@@cognibuild Actually I want to ask a question. After my safetensor became gguf, I tried some question, but the model answer seems worse a lot than when it was in safetensor. do you know why?
@@gostjoke a lot of times it has to do with the parameters. Check the chatml mode. Also try using KoboldCPP (kcpp) for your gguf files to see if they work
Hey - before I ask a question, I found your videos on youtube last week - outstanding content - thank you so much, massive shout out. You helped me get some local AI up and running for work and just got major shoutouts at work - thank you so much! How do we convert a already quantized version of a llama 8B to a .gguf file? I keep getting a tensor issue!

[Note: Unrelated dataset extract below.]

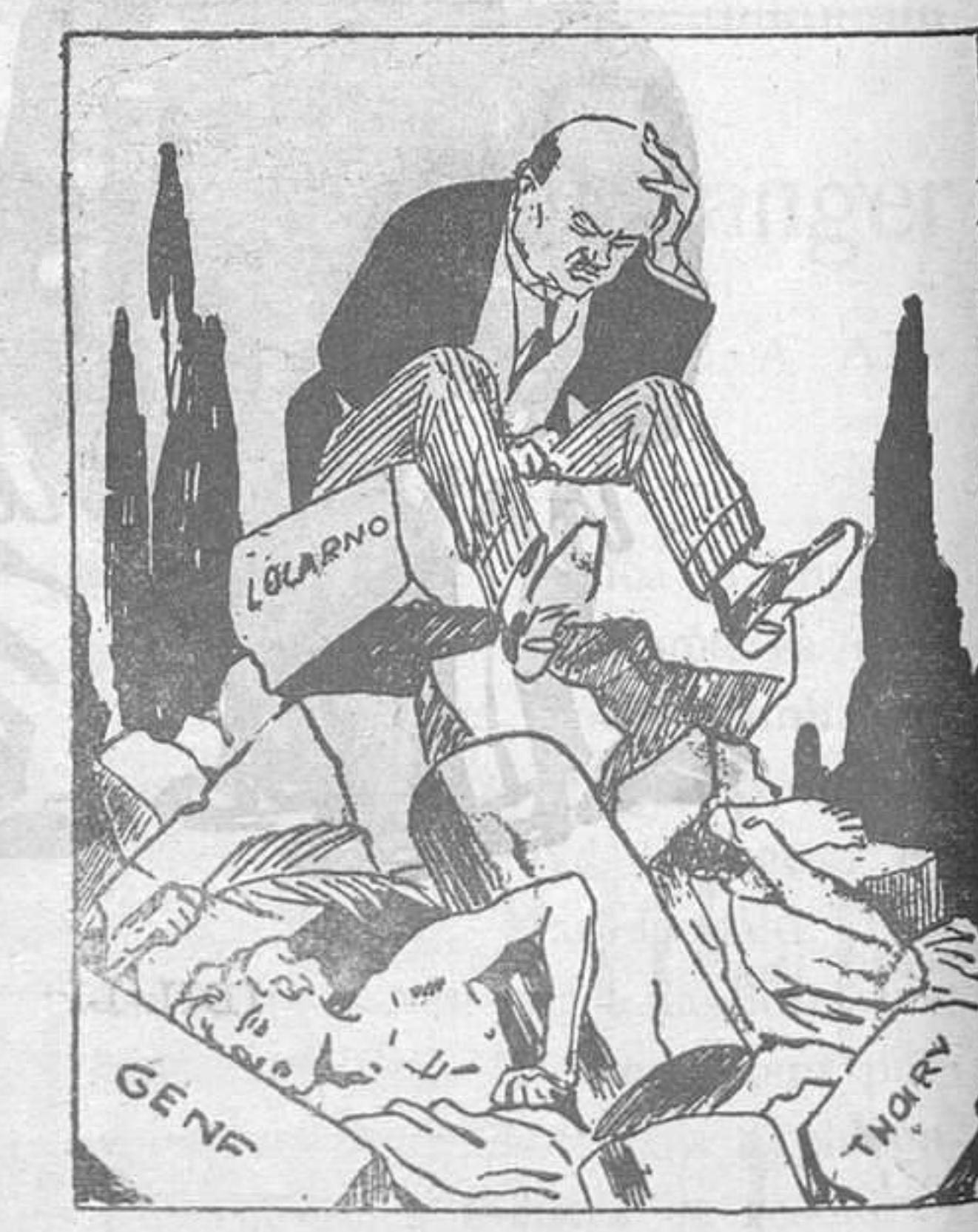
Stresemann sobre les ruïnes de Locarno. "Kladderatsch", Berlín.

i found this on github which might help. You'll need to install and use it in Linux or WSL: github.com/kevkid/gguf_gui Just be certain to pip install: pip install llama-cpp-python because its not added in the installation. Let me know if it works for you!
Yes this is normal stuff .. but you may not realize that you can open gguf with the transformers library !! .. Hence you can use save to pretrained to unquantize the gguf file back to safe tensors !!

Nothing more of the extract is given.